Sarah Sanders January 31 2019Any higher power could have come up with a better choice than this.  (pic via variety.com)

Donald Trump is owned by Russia, which drives his attacks on the intelligence community when they point out Russia's interference in American affairs, and the best the GOP can do is have a couple of senators say, "I wish he wouldn't do that."  This country has been abandoned by the Republican Party who is fine with having a foreign agent in the White House, because, hey, tax cuts for the top 1%!

On a related note, Senate Majority Leader Mitch McConnell came out of his cave to attack a Democratic bill that would make voting easier. McConnell and the GOP know they lose when more people participate in democracy.

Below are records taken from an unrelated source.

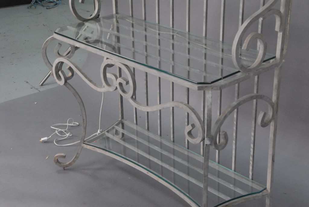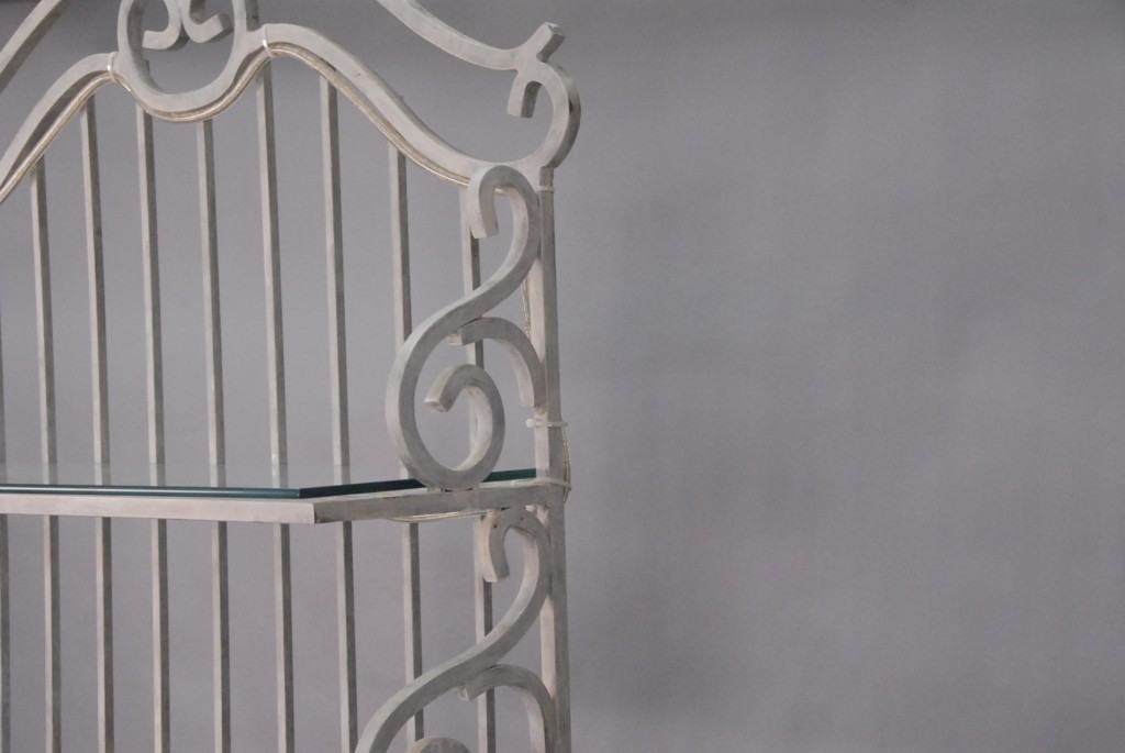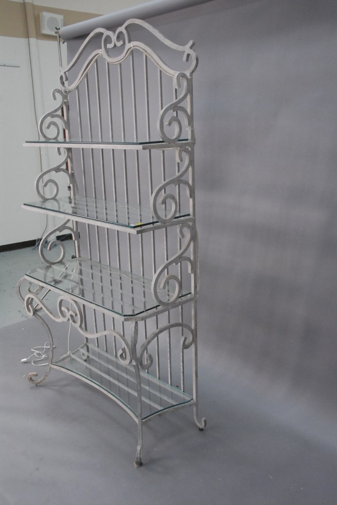 French style wrought iron and glass baker’s rack, ht. 84, wd. 44.
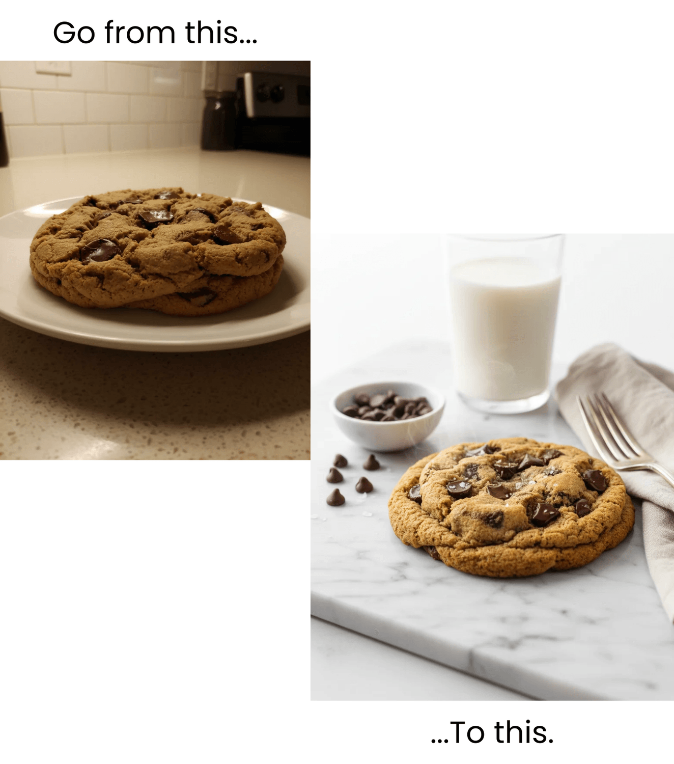 Stop letting the sun dictate your schedule — You shouldn't have to wait for the weekend to take a photo. Unlock the "Night Baker" lighting setup so you can bake at 8 PM and still get photos that look like they were shot in a sun-drenched professional studio.
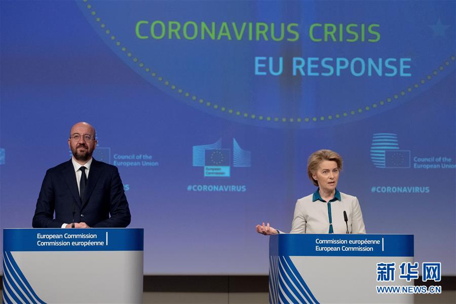 4月15日,在比利时布鲁塞尔的欧盟总部,欧洲理事会主席米歇尔(左)和欧盟委员会主席冯德莱恩出席新闻发布会。 欧洲理事会主席米歇尔和欧盟委员会主席冯德莱恩15日共同提出一份“欧盟路线图”,表示欧盟各成员国在取消为防控新冠疫情而采取的限制性措施过程中要相互协调、循序渐进。 新华社发
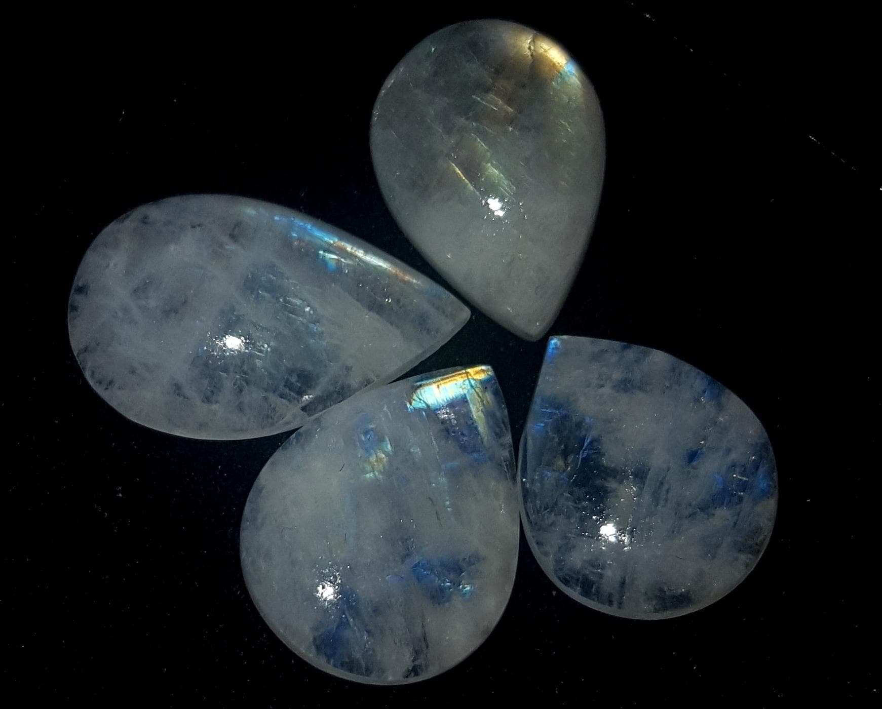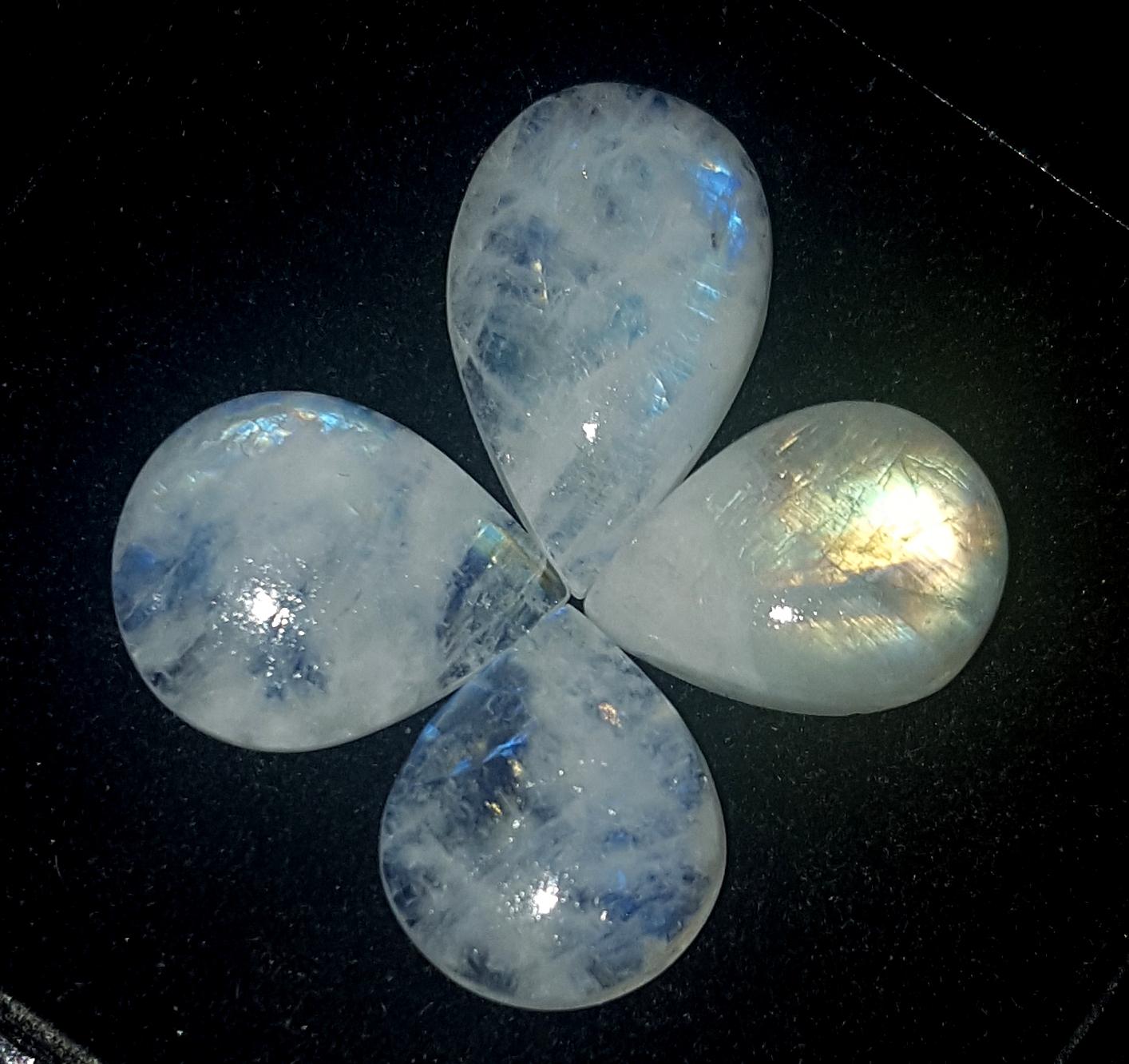 Moonstone, Natural Rainbow Moonstone, Pear Blue Flashy Gemstone Lot, 32.60 Carat, Size-10x14.5x5.5mm To 12x19x4.5mm, Gift For Her, Pc-4
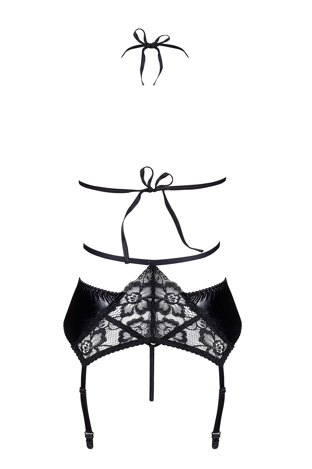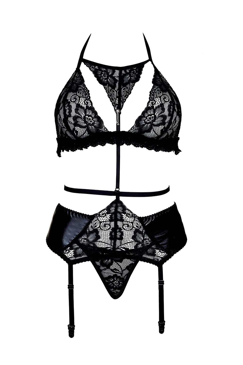 Beauty Night Alanis set BN6597 Nocna komplet biustonosz + stringi + pas do pończoch, black
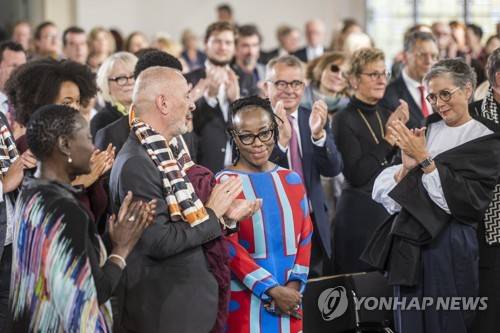 epa09542887 The 2021 Peace Prize laureate, Zimbabwean author and filmmaker Tsitsi Dangarembga (C) is applauded during the Peace Prize of the German Book Trade ceremony at the Paulskirche church in Frankfurt am Main, Germany, 24 October 2021. The Peace Prize of the German Book Trade by the German Publishers and Booksellers Association (Boersenverein des Deutschen Buchhandels) worth 25,000 EUR is presented since 1950 at the end of the Frankfurt Book Fair. EPA/Thomas Lohnes / Evangelischer Pressedienst / POOL
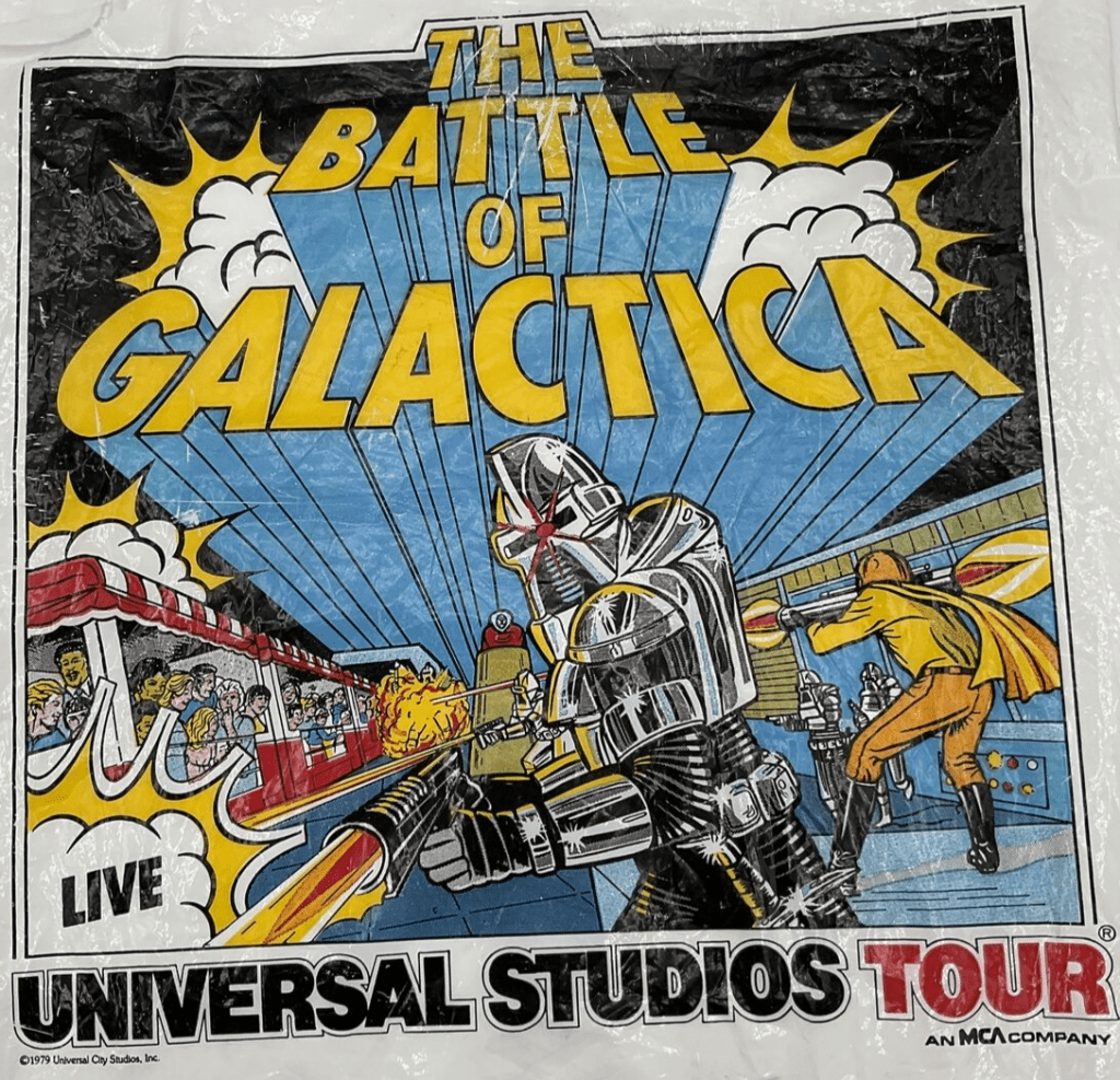 Still, I was missing some of the fun… As a kid raised in suburban Westchester, New York, I didn’t have the luxury of being a stone’s throw from Universal Studios Hollywood like I do now as a Los Angeles resident. But one day in 1980, my parents announced that we’d be flying to California for a family trip to San Francisco and Los Angeles. Yes!!!! I begged my folks to take me to Universal Studios in Hollywood. Perhaps my psychological campaign of constant suggestion/pestering had paid off? You see, I knew all about “The Battle of Galactica” ride that had just opened at Universal from Starlog magazine, and I was desperate to experience it in person.
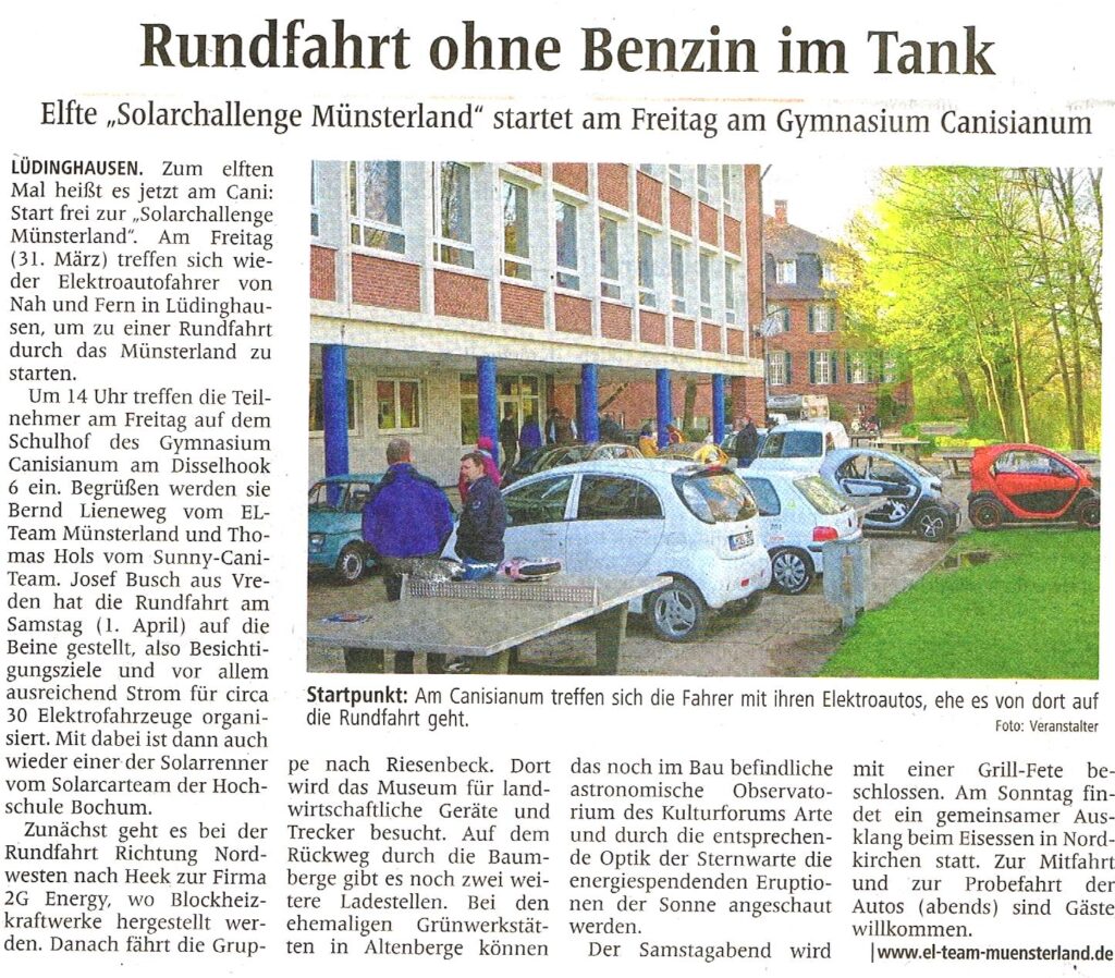 Um 14 Uhr treffen die Teilnehmer am Freitag auf dem Schulhof des Gymnasium Canisianum am Disselhook 6 ein. Begrüßen werden sie Bernd Lieneweg vom EL-Team Münsterland und Thomas Hols vom Sunny-Cani-Team. Josef Busch aus Vreden hat die Rundfahrt am Samstag (1. April) auf die Beine gestellt, also Besichtigungsziele und vor allem ausreichend Strom für circa 30 Elektrofahrzeuge organisiert. Mit dabei ist dann auch wieder einer der Solarrenner vom Solarcarteam der Hochschule Bochum.
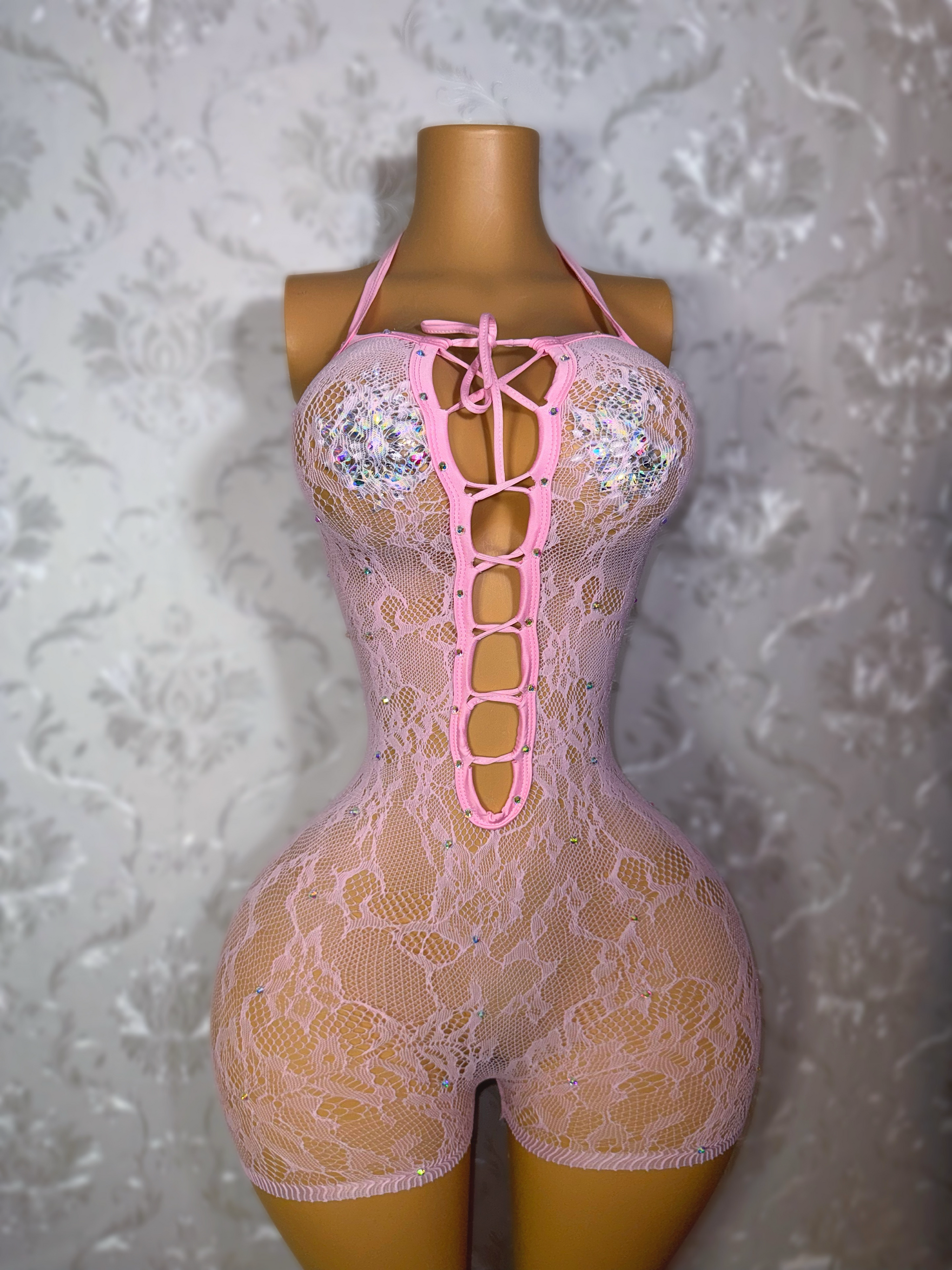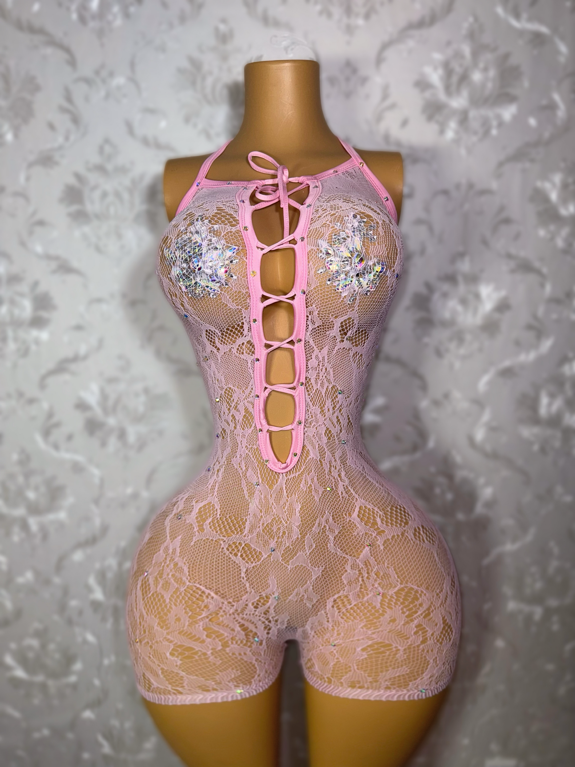 Hoodcess Lace Fishnet Backless Romper Fits XS-M
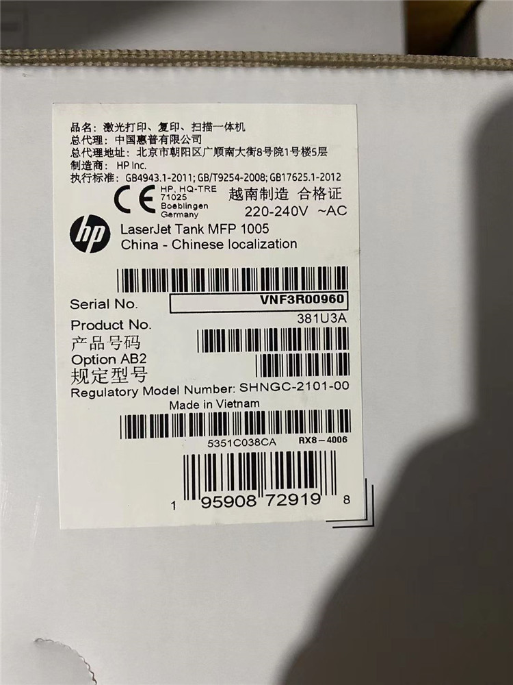 惠普 Tank 1005 黑白激光一体机A4(打印/复印/扫描)(单位:台)(含安装)

Sounds like Mick Mulvaney already wants a new gig after just about six weeks of being Trump's acting chief of staff.

At this point, it seems clear that the only reason Howard Schultz would run for president as an independent is because he doesn't have the courage to compete in the Republican primary.  An out-of-touch billionaire who wants the White House handed to him?  Pass.

The Federal Reserve announced it will slow down its scheduled interest rate hikes due to increasing global uncertainty. We're just happy our savings account now earns enough in monthly interest to buy a cup of coffee again.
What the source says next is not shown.